Data records:
>>
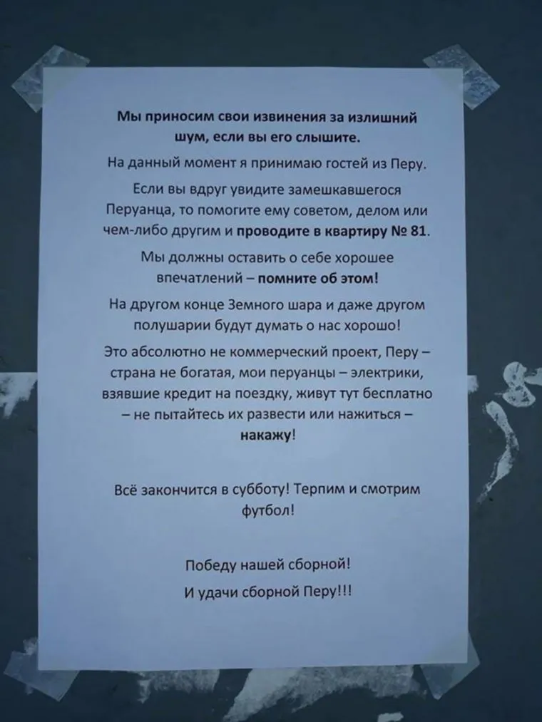 Программист из Екатеринбурга Владимир Хакимов на неделю приютил у себя двух электриков из Перу, которые прилетели на матч своей сборной в Екатеринбург. Уралец не взял с иностранцев ни копейки и даже повесил в подъезде объявление для соседей с просьбой не обижать гостей.
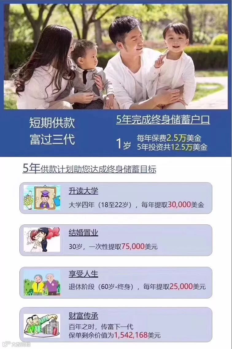 数据二: 1岁宝宝,五年交,每年2.5万美金,5年共12.5万美金
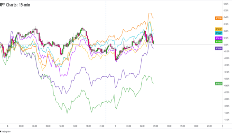 JPY dipped below its U.S. session lows before rising back up to its U.S. session highs at the start of European trading.
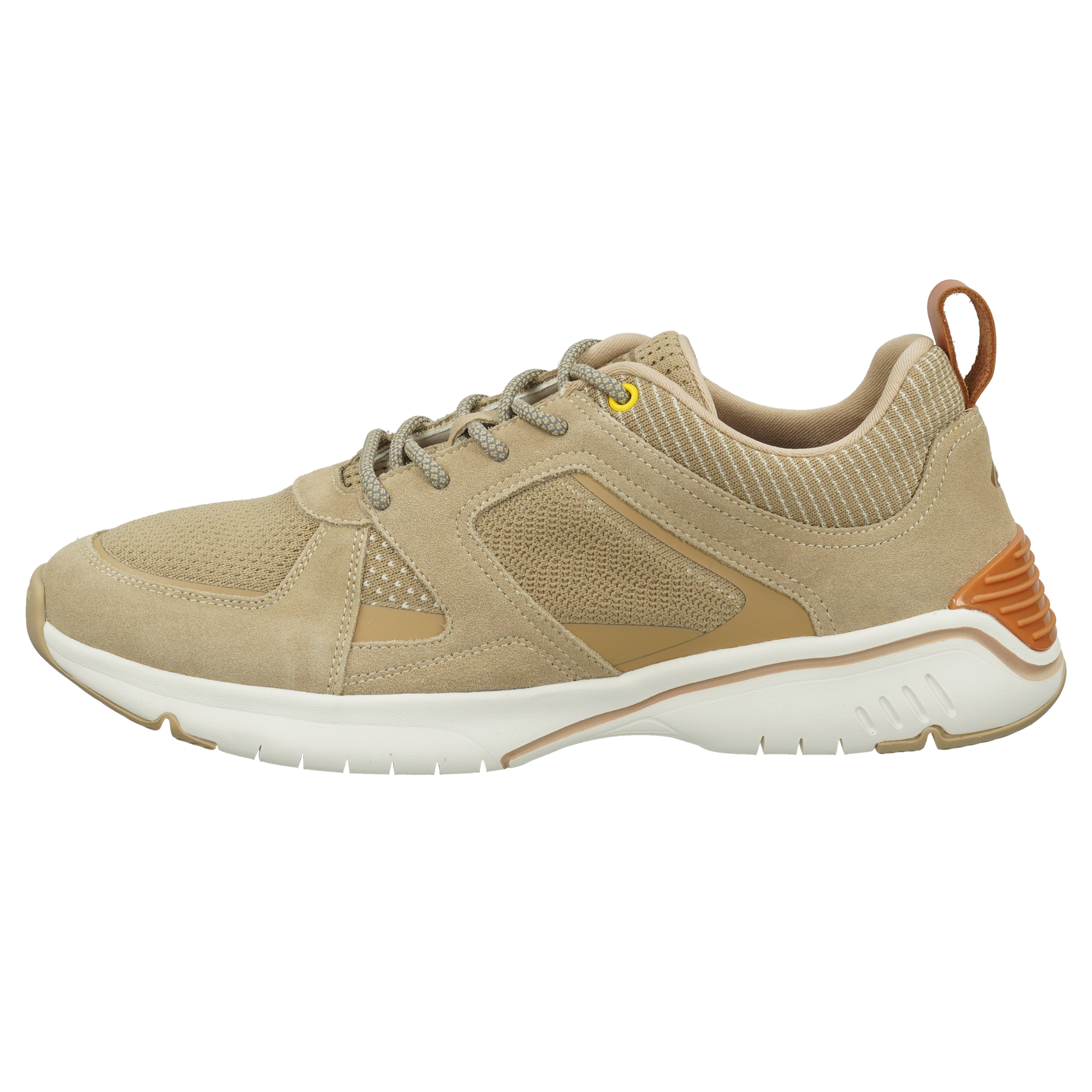 Junger, leichter Sneaker mit Obermaterial aus hochwertigem Leder und Veloursleder und einer weißen Gummisohle. Für einen angenehmen Tragekomfort sorgt das textile Innenfutter und die Decksohle aus einem Recovery Foam aus Recyclingmaterial.
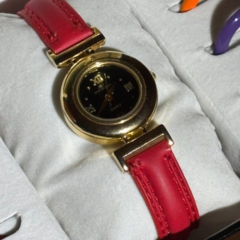 Giani Giorgio damesett armbåndsur med flere utskiftbare remmer og bezeler. Klokken har rundt urkasse i metall med mørk urskive. Settet inneholder flere lærremmer i ulike farger samt utskiftbare bezeler i forskjellige farger og utførelser, inkludert noen med stein- eller mønsterdetaljer. Leveres i original eske som holder klokken, remmene og bezelene organisert. Egnet som dameklokke med mulighet for variasjon i uttrykk ved å bytte rem og bezel etter ønske.
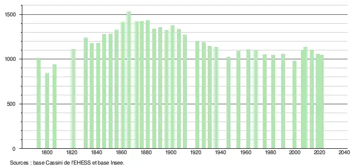 Le maximum de la population a été atteint en 1866 avec 1 533 habitants.
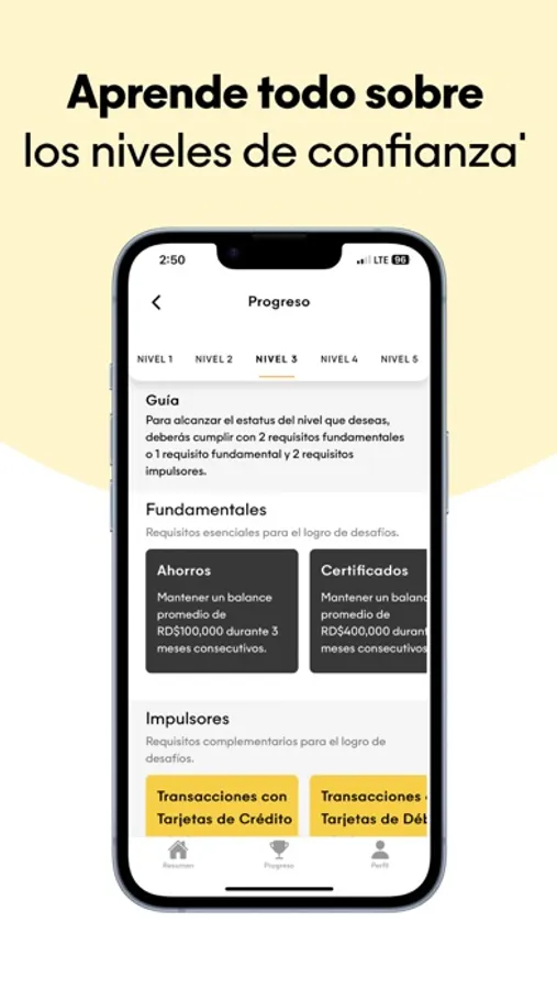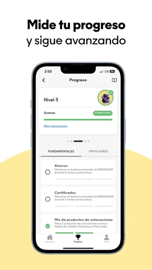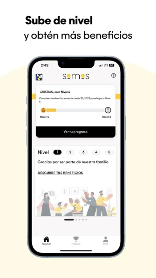 La aplicación te informa sobre tu relación con APAP a través de niveles, que podrás alcanzar y mantener al cumplir con los objetivos definidos para cada uno.
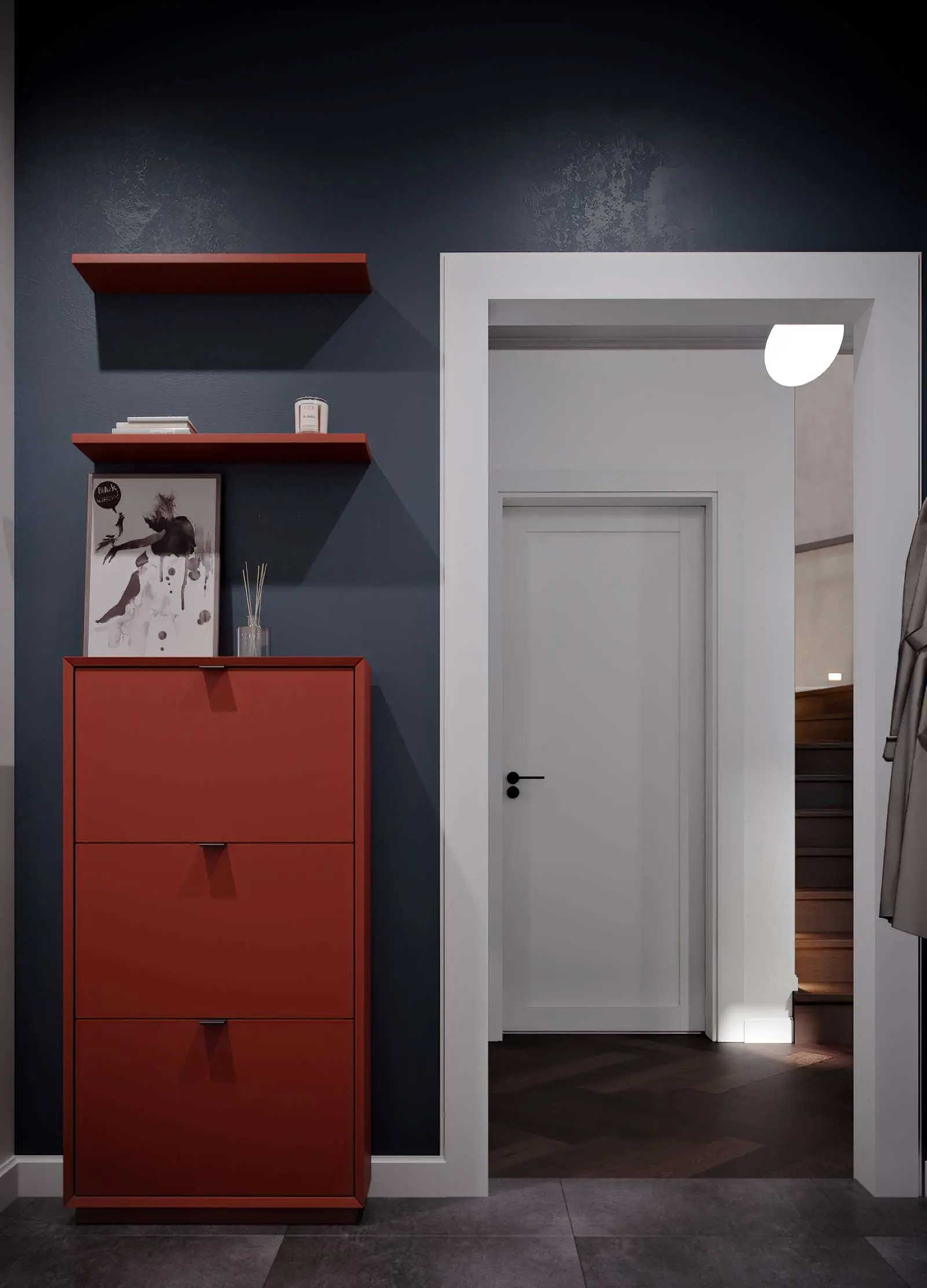 Od samego wejścia do domu można poczuć, że nie zabraknie w nim odważnych rozwiązań i wyrazistych kolorów. W projekcie przeplata się ciemny brąz połączony z karmelem, granatem, bordo i turkusem.
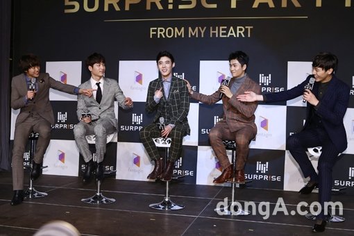 배우그룹 서프라이즈가 18일 오후 서울시 강남구 청담 씨네시티 엠큐브에서 열린 첫 번째 싱글 ‘5URPRISE 1st SINGLE-From my heart’의 쇼케이스에서 기자간담회를 하고 있다.
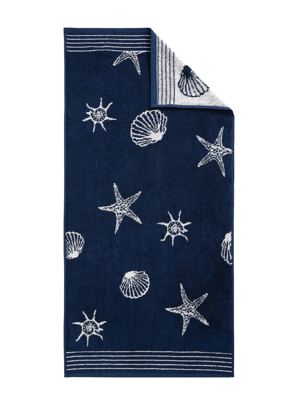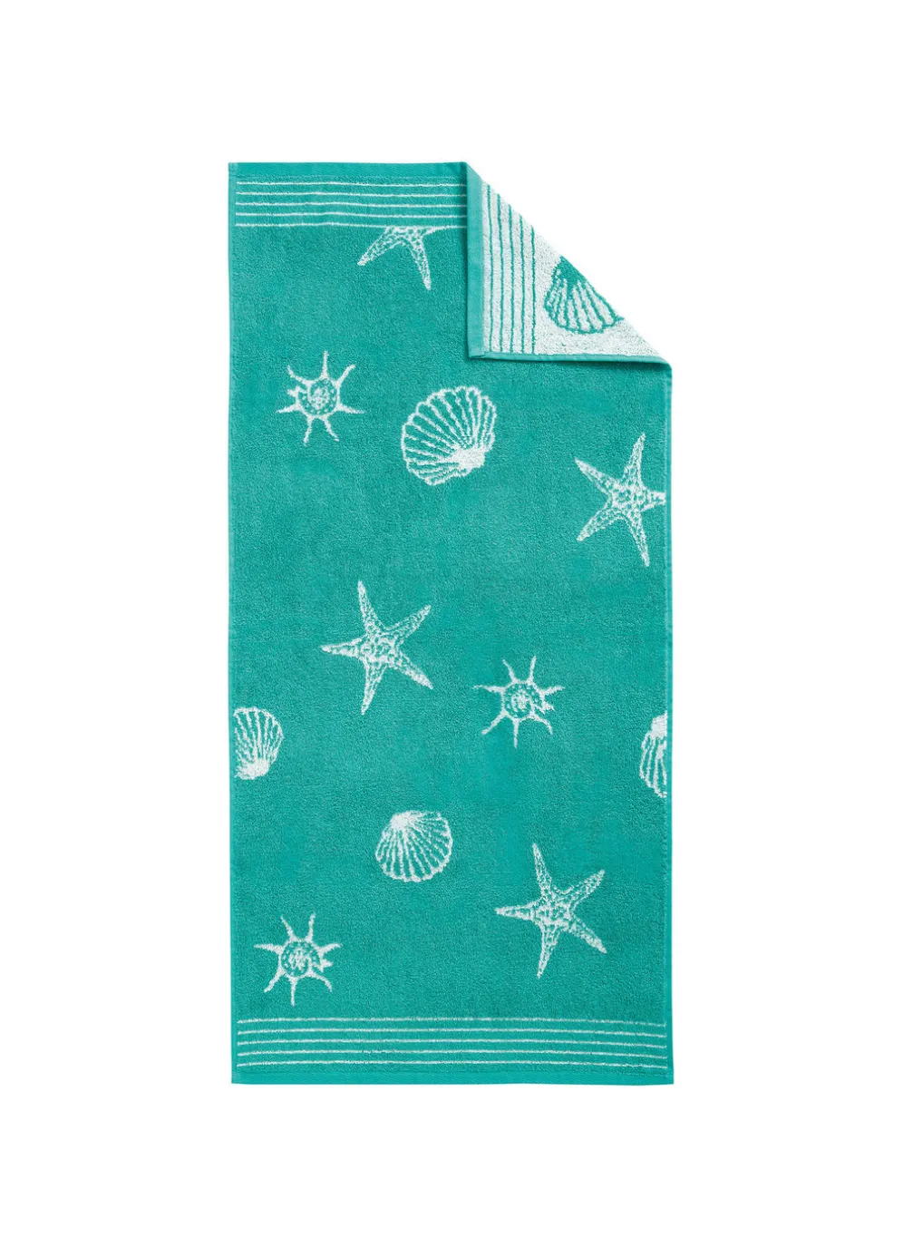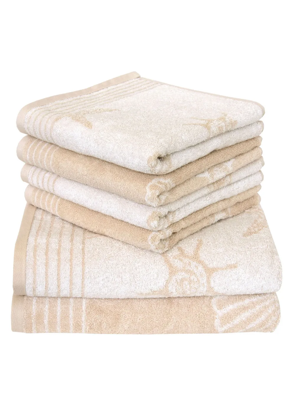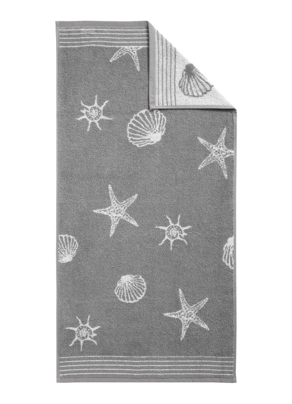 Lassen Sie sich von der maritimen Frottier-Serie mit Muschel- und Seestern-Motiven von Dyckhoff verzaubern und holen Sie sich das Gefühl des Meeres direkt in Ihr Badezimmer. Die dekorativen Streifen im oberen und unteren Bortenbereich verleihen einen harmonischen und stilvollen Abschluss.
<<
Brief:
Look above for the line containing "Le maximum de", then copy exactly from it through the line containing "Od samego wejścia", keeping both and leaving out pictures. Add nothing else.

Written answer:
 Le maximum de la population a été atteint en 1866 avec 1 533 habitants.
 La aplicación te informa sobre tu relación con APAP a través de niveles, que podrás alcanzar y mantener al cumplir con los objetivos definidos para cada uno.
 Od samego wejścia do domu można poczuć, że nie zabraknie w nim odważnych rozwiązań i wyrazistych kolorów. W projekcie przeplata się ciemny brąz połączony z karmelem, granatem, bordo i turkusem.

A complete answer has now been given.